Problem requirements
All that is wanted is the line with "Ma in che modo" and each line after it to the end of the data below, set down exactly and without pictures.
START Material provided
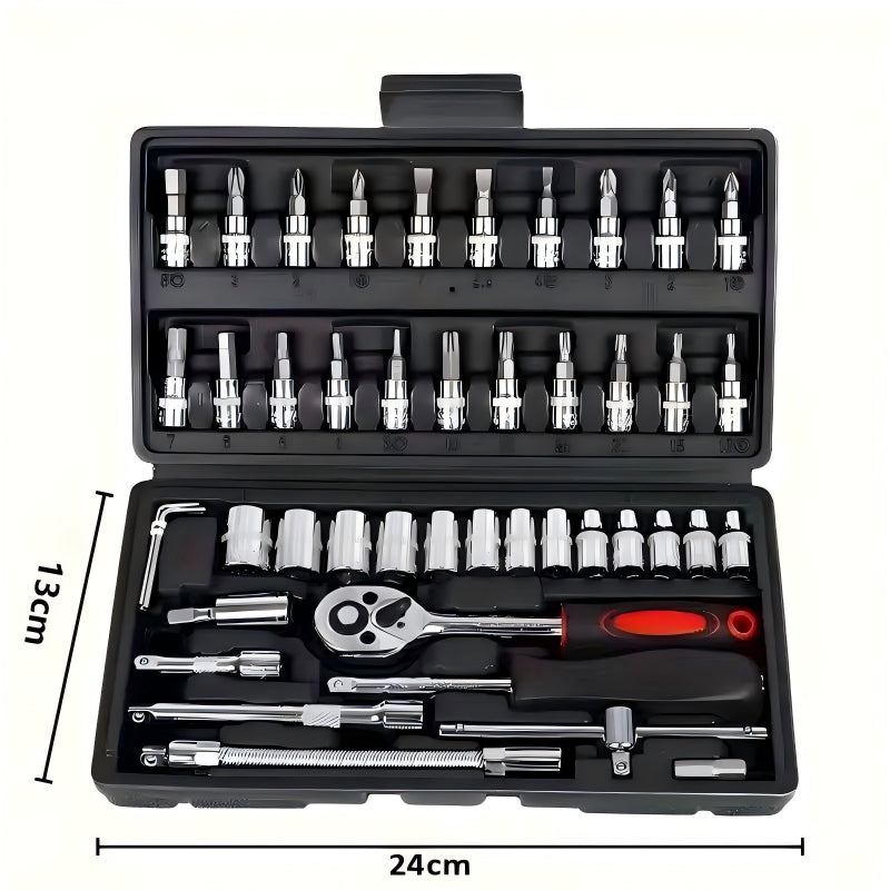 🧲 A solução completa para todas as suas manutenções: Jogo de Chave Catraca com 46 peças! 🛠️✨
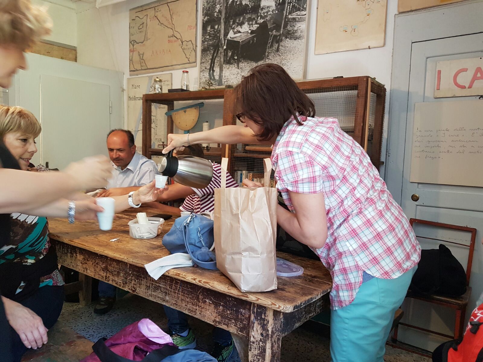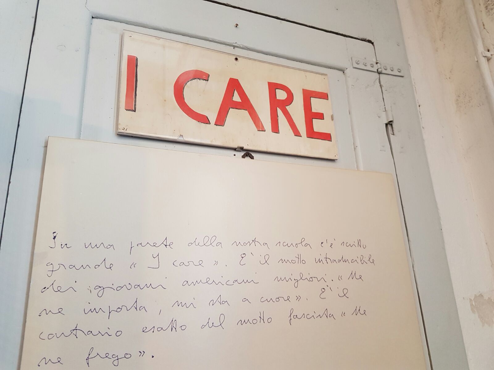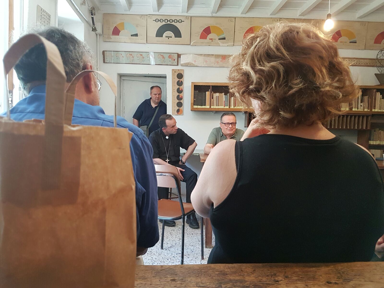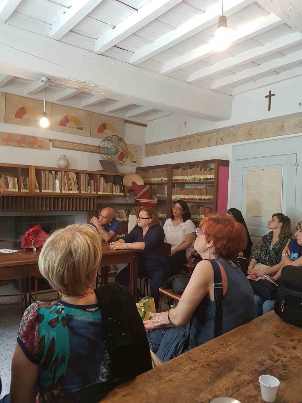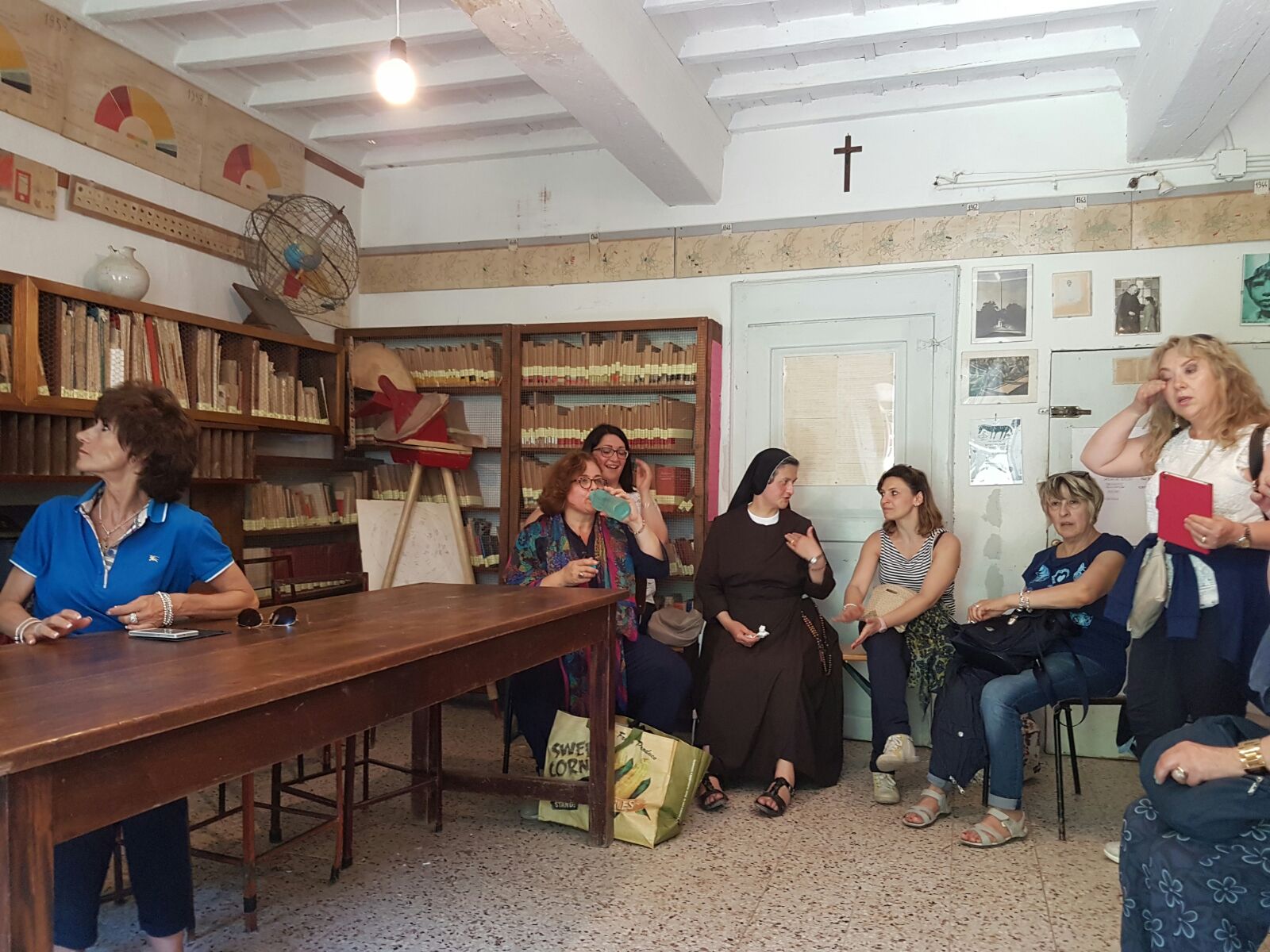 Ma in che modo insegnava questo prete toscano così “diverso” dagli altri? Gli insegnanti hanno potuto scoprirlo visitando gli ambienti nei quali i ragazzi, maschi e femmine insieme, vivevano per circa dodici ore al giorno: l’aula, il laboratorio, la chiesetta contenente il mosaico del “monachello scolaro”. Colpisce il vedere le pareti dell’aula piene dei lavori svolti dagli alunni di don Milani, dalle cartine geografiche narranti la storia del fascismo in Europa, ai grafici di politica e di statistica.
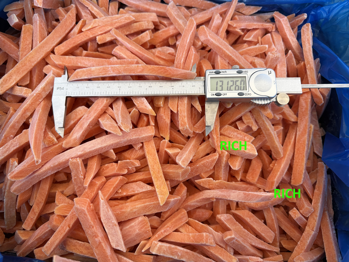 Frozen Sweet Potato Strips are made from fresh, premium-grade sweet potatoes, carefully selected for color, sweetness, and texture. The raw materials are washed, peeled, cut into uniform strips, blanched, and then quick-frozen (IQF) to preserve their natural flavor, color, and nutrients.
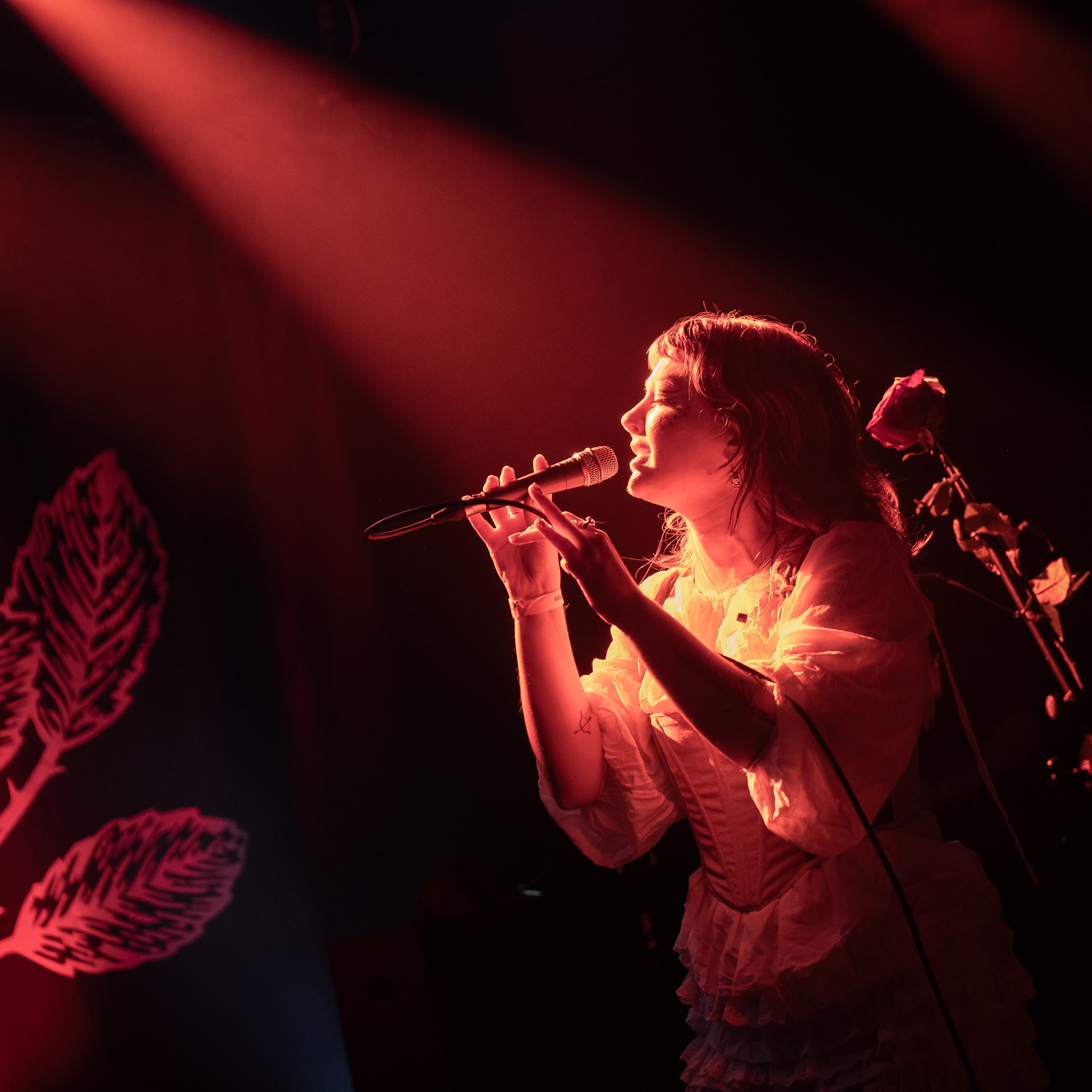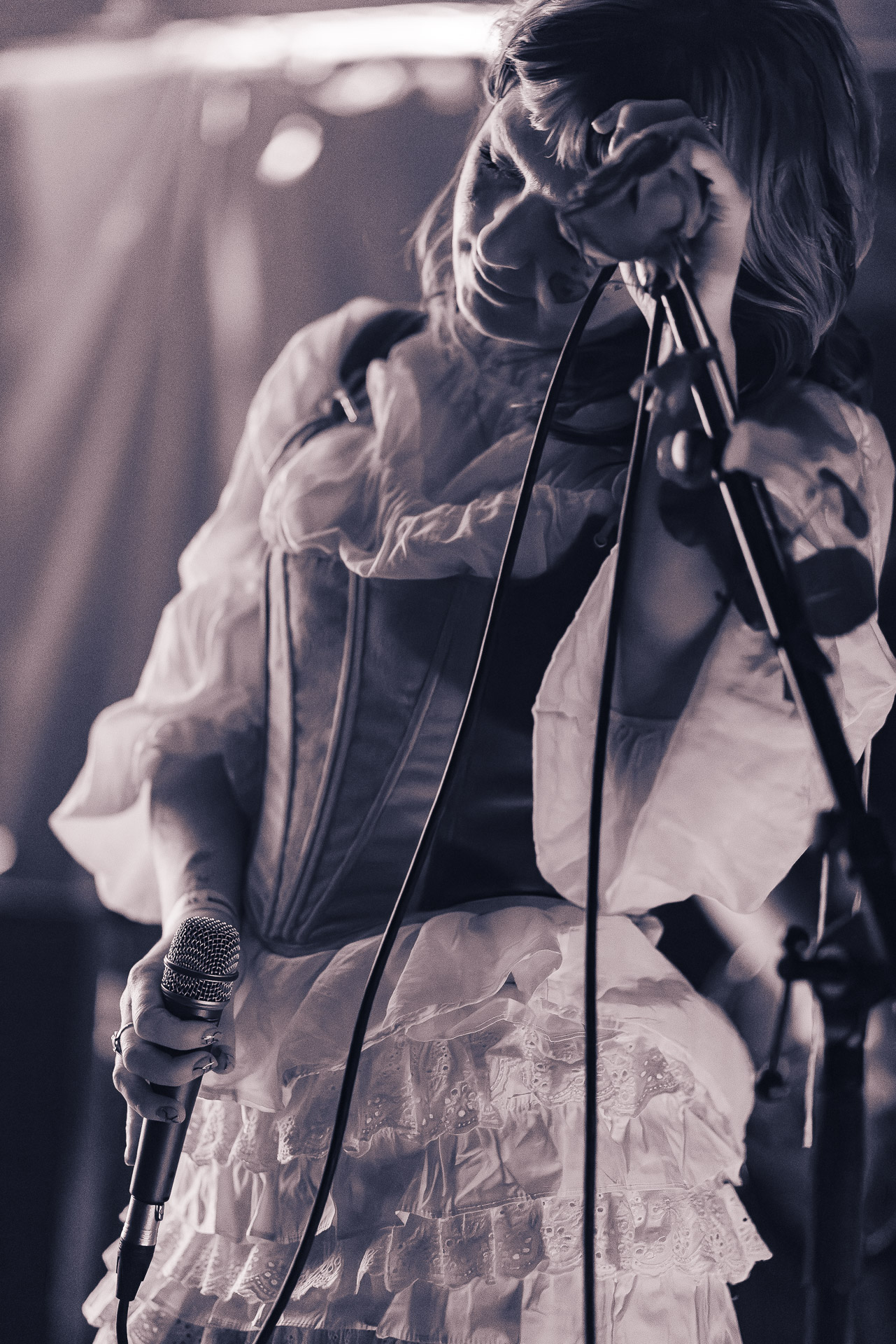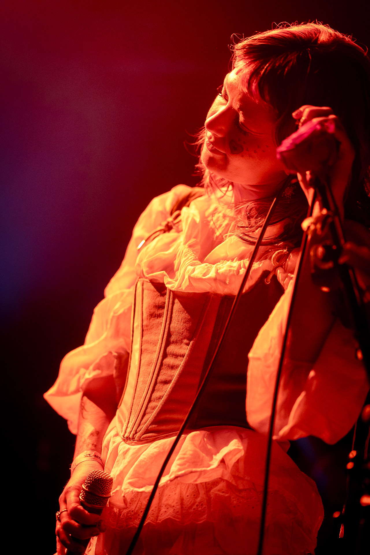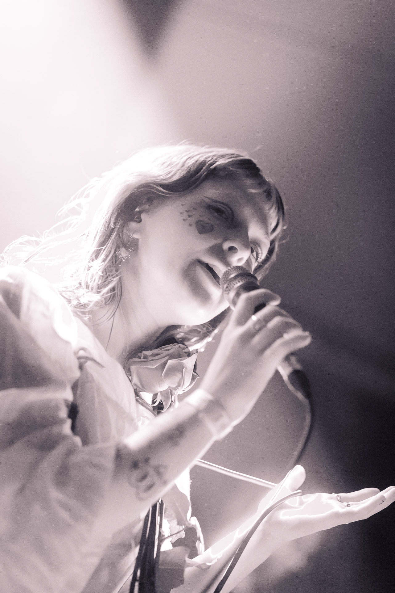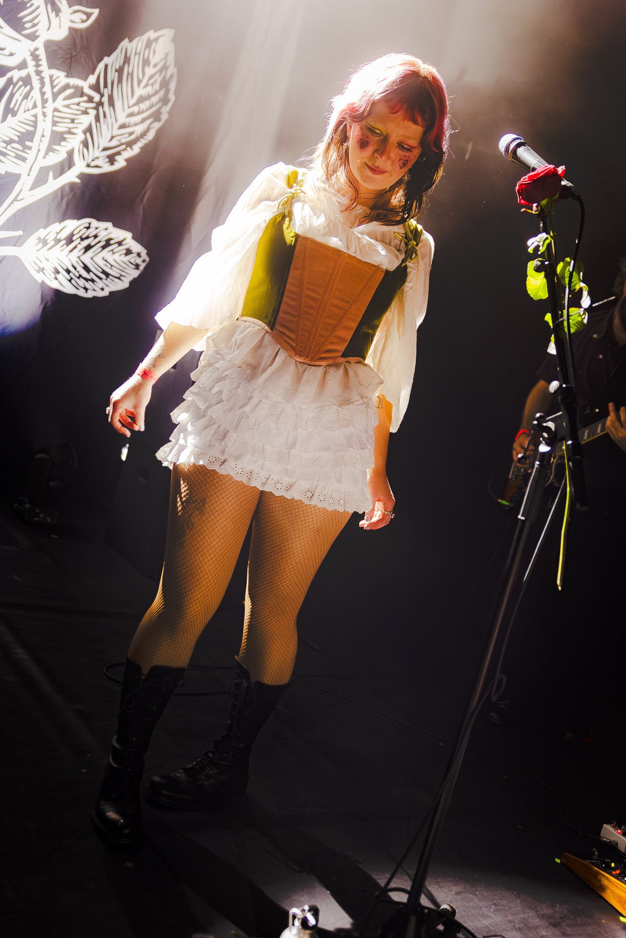 Le groupe a fait le choix un peu malheureux pour nous aussi de jouer dans la pénombre avec quelques moments rouges monochrome ou de lumière blanche aveuglante, difficile dès lors de se "connecter" aux musiciens dont on devine les silhouettes mais pas les expression sauf tout devant (et encore) Et le mix de la boite à rythme nous parait un peu faiblard, ce qui nous donne l’impression que le début de concert se traine et que le groupe, un peu comme nous a du mal à rentrer dedans.
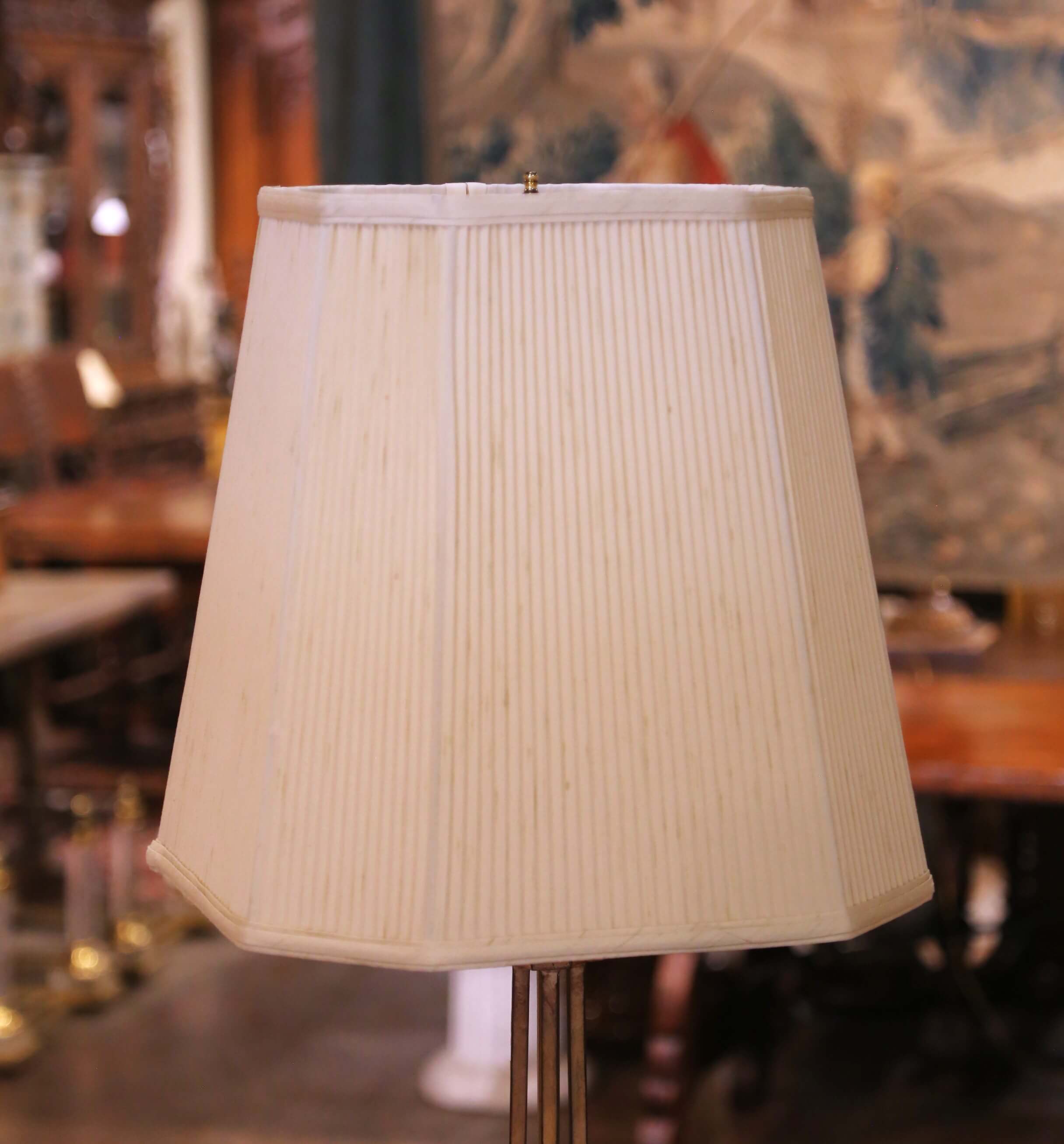 The lamp is dressed with a pleated fabric shade, which is included, and has been newly wired to US standards for modern use. This versatile “lampadaire guéridon” blends lighting and occasional table functionality, making it ideal beside a sofa or armchair.
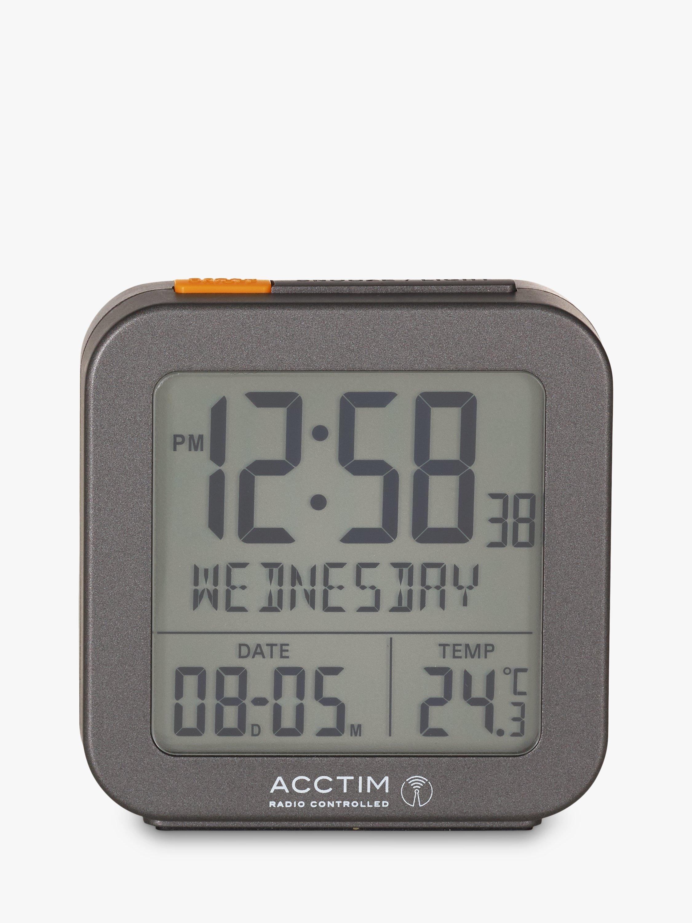 This compact digital alarm clock is loaded with extra practical features, including radio-controlled timekeeping, a snooze function for a little extra sleep, a calendar and an indoor temperature display.
END Material provided
Exercise output
 Ma in che modo insegnava questo prete toscano così “diverso” dagli altri? Gli insegnanti hanno potuto scoprirlo visitando gli ambienti nei quali i ragazzi, maschi e femmine insieme, vivevano per circa dodici ore al giorno: l’aula, il laboratorio, la chiesetta contenente il mosaico del “monachello scolaro”. Colpisce il vedere le pareti dell’aula piene dei lavori svolti dagli alunni di don Milani, dalle cartine geografiche narranti la storia del fascismo in Europa, ai grafici di politica e di statistica.
 Frozen Sweet Potato Strips are made from fresh, premium-grade sweet potatoes, carefully selected for color, sweetness, and texture. The raw materials are washed, peeled, cut into uniform strips, blanched, and then quick-frozen (IQF) to preserve their natural flavor, color, and nutrients.
 Le groupe a fait le choix un peu malheureux pour nous aussi de jouer dans la pénombre avec quelques moments rouges monochrome ou de lumière blanche aveuglante, difficile dès lors de se "connecter" aux musiciens dont on devine les silhouettes mais pas les expression sauf tout devant (et encore) Et le mix de la boite à rythme nous parait un peu faiblard, ce qui nous donne l’impression que le début de concert se traine et que le groupe, un peu comme nous a du mal à rentrer dedans.
 The lamp is dressed with a pleated fabric shade, which is included, and has been newly wired to US standards for modern use. This versatile “lampadaire guéridon” blends lighting and occasional table functionality, making it ideal beside a sofa or armchair.
 This compact digital alarm clock is loaded with extra practical features, including radio-controlled timekeeping, a snooze function for a little extra sleep, a calendar and an indoor temperature display.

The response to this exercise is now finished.